» Records contained in a dataset:
=== Section Start ===
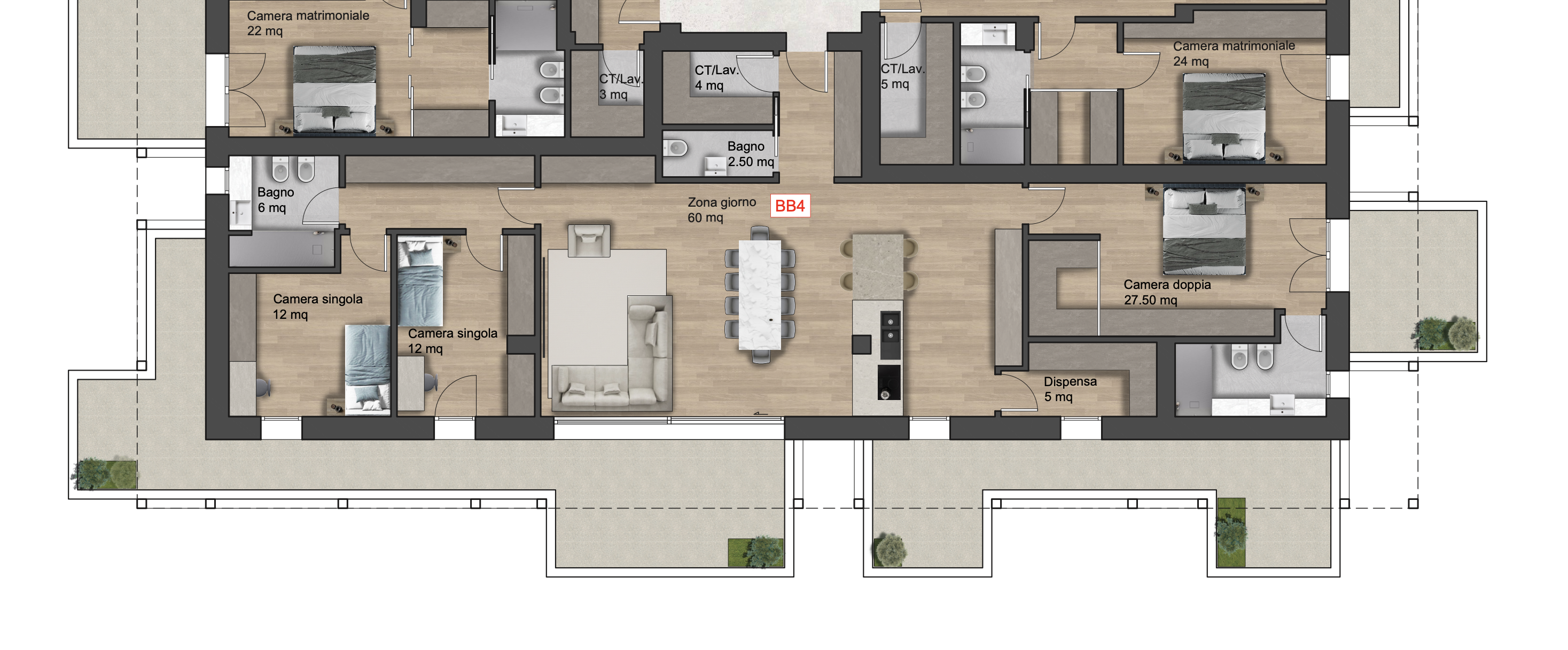 Nel cuore di Treviso, tra Via Monterumici e Viale Montegrappa, nasce MONTEGRAPPA 27, un progetto residenziale che reinventa il modo di vivere in città, unendo design contemporaneo, natura e comfort quotidiano. Gli edifici ospitano le residenze Amaranth e Belle, rispettivamente di 18 e 16 unità, progettate per offrire privacy, luce naturale e spazi funzionali. Linee eleganti, volumi armonici e dettagli raffinati creano ambienti in equilibrio tra estetica e praticità. Protagoniste del progetto sono le ampie terrazze, concepite come estensioni degli ambienti interni grazie alle grandi vetrate. Spazi da vivere ogni giorno, dove il verde diventa parte integrante di uno stile di vita autentico e sostenibile. Gli interni, luminosi e ben distribuiti, offrono un perfetto equilibrio tra estetica e funzionalità. Questo appartamento è composto da un soggiorno con angolo cottura, una camera matrimoniale con bagno privato, due camere singole, un bagno di servizio con lavanderia e infine una dispensa. Sia dal soggiorno sia dalle camere si accede direttamente alle terrazze, creando un collegamento fluido tra interno ed esterno e valorizzando la luce naturale in tutti gli ambienti.
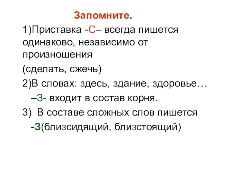 1)Приставка -С– всегда пишется одинаково, независимо от произношения
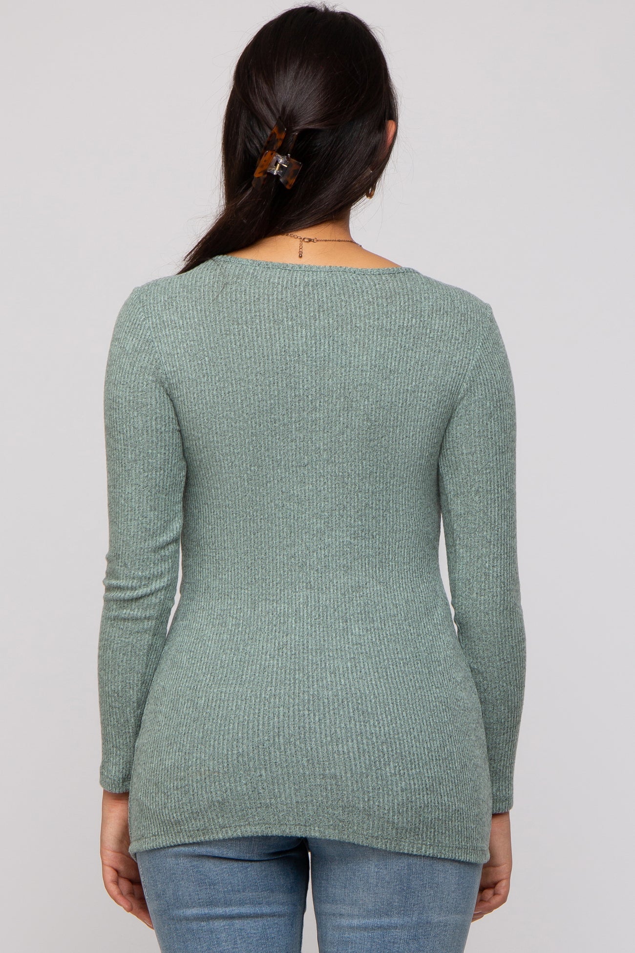 A solid brushed knit rib long sleeve top with a layered crossover top for nursing access.
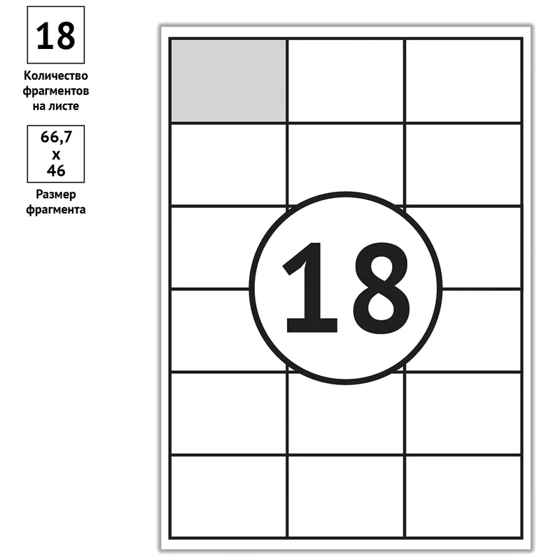 Этикетки самоклеящиеся Officespace белые, 66.7х46мм, 18шт на листе формате А4, 100 листов
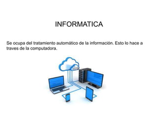 Este documento presenta una introducción a los conceptos básicos de informática. Explica que la informática se ocupa del procesamiento automático de información a través de computadoras. Define hardware como los componentes físicos de una computadora como la placa madre, microprocesador y memoria. Define software como los programas y datos no físicos. También describe periféricos comunes como monitores, teclados y discos duros y sus funciones de entrada, salida o ambas. Concluye que el hardware y software están relacionados.
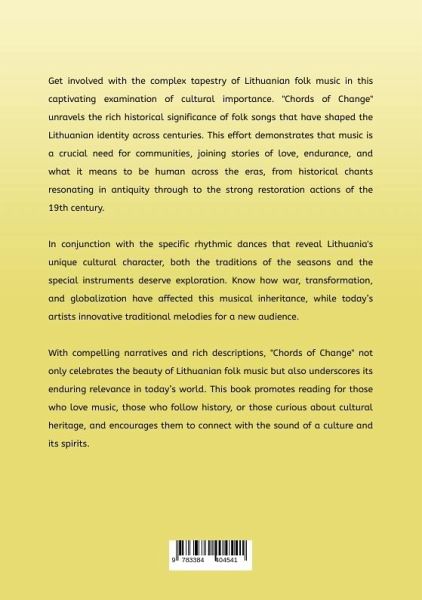 Get involved with the complex tapestry of Lithuanian folk music in this captivating examination of cultural importance. "Chords of Change" unravels the rich historical significance of folk songs that have shaped the Lithuanian identity across centuries. This effort demonstrates that music is a crucial need for communities, joining stories of love, endurance, and what it means to be human across the eras, from historical chants resonating in antiquity through to the strong restoration actions of the 19th century.In conjunction with the specific rhythmic dances that reveal Lithuania's unique cultural character, both the traditions of the seasons and the special instruments deserve exploration. Know how war, transformation, and globalization have affected this musical inheritance, while today's artists innovative traditional melodies for a new audience.With compelling narratives and rich descriptions, "Chords of Change" not only celebrates the beauty of Lithuanian folk music but also underscores its enduring relevance in today's world. This book promotes reading for those who love music, those who follow history, or those curious about cultural heritage, and encourages them to connect with the sound of a culture and its spirits.
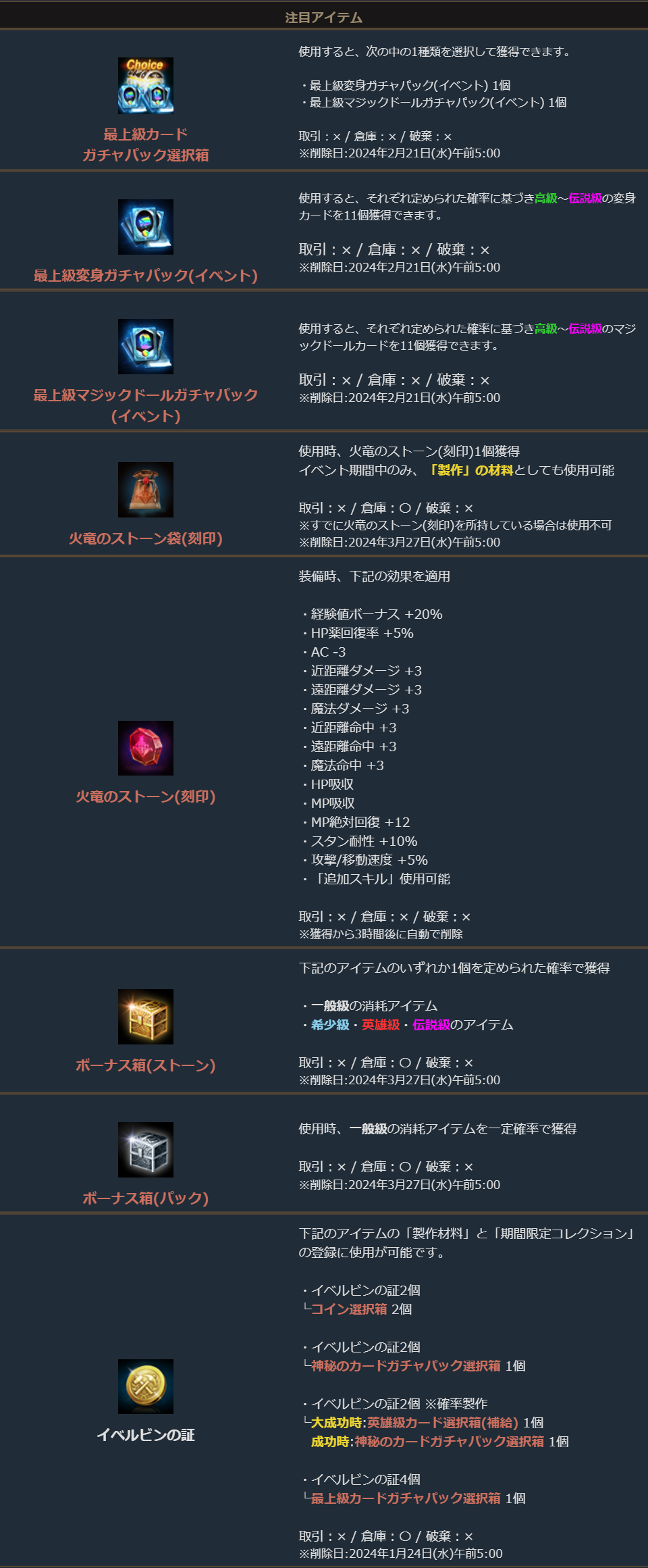※一部アイテムは未使用の場合、一定期間が経過すると自動で削除されます。詳しくは各アイテムの詳細をご確認ください。
=== Section End ===
» Task to carry out:
Make an exact copy of the data above, pictures excluded.

» Result of the exercise:
 Nel cuore di Treviso, tra Via Monterumici e Viale Montegrappa, nasce MONTEGRAPPA 27, un progetto residenziale che reinventa il modo di vivere in città, unendo design contemporaneo, natura e comfort quotidiano. Gli edifici ospitano le residenze Amaranth e Belle, rispettivamente di 18 e 16 unità, progettate per offrire privacy, luce naturale e spazi funzionali. Linee eleganti, volumi armonici e dettagli raffinati creano ambienti in equilibrio tra estetica e praticità. Protagoniste del progetto sono le ampie terrazze, concepite come estensioni degli ambienti interni grazie alle grandi vetrate. Spazi da vivere ogni giorno, dove il verde diventa parte integrante di uno stile di vita autentico e sostenibile. Gli interni, luminosi e ben distribuiti, offrono un perfetto equilibrio tra estetica e funzionalità. Questo appartamento è composto da un soggiorno con angolo cottura, una camera matrimoniale con bagno privato, due camere singole, un bagno di servizio con lavanderia e infine una dispensa. Sia dal soggiorno sia dalle camere si accede direttamente alle terrazze, creando un collegamento fluido tra interno ed esterno e valorizzando la luce naturale in tutti gli ambienti.
 1)Приставка -С– всегда пишется одинаково, независимо от произношения
 A solid brushed knit rib long sleeve top with a layered crossover top for nursing access.
 Этикетки самоклеящиеся Officespace белые, 66.7х46мм, 18шт на листе формате А4, 100 листов
 Este documento presenta una introducción a los conceptos básicos de informática. Explica que la informática se ocupa del procesamiento automático de información a través de computadoras. Define hardware como los componentes físicos de una computadora como la placa madre, microprocesador y memoria. Define software como los programas y datos no físicos. También describe periféricos comunes como monitores, teclados y discos duros y sus funciones de entrada, salida o ambas. Concluye que el hardware y software están relacionados.
 Get involved with the complex tapestry of Lithuanian folk music in this captivating examination of cultural importance. "Chords of Change" unravels the rich historical significance of folk songs that have shaped the Lithuanian identity across centuries. This effort demonstrates that music is a crucial need for communities, joining stories of love, endurance, and what it means to be human across the eras, from historical chants resonating in antiquity through to the strong restoration actions of the 19th century.In conjunction with the specific rhythmic dances that reveal Lithuania's unique cultural character, both the traditions of the seasons and the special instruments deserve exploration. Know how war, transformation, and globalization have affected this musical inheritance, while today's artists innovative traditional melodies for a new audience.With compelling narratives and rich descriptions, "Chords of Change" not only celebrates the beauty of Lithuanian folk music but also underscores its enduring relevance in today's world. This book promotes reading for those who love music, those who follow history, or those curious about cultural heritage, and encourages them to connect with the sound of a culture and its spirits.
※一部アイテムは未使用の場合、一定期間が経過すると自動で削除されます。詳しくは各アイテムの詳細をご確認ください。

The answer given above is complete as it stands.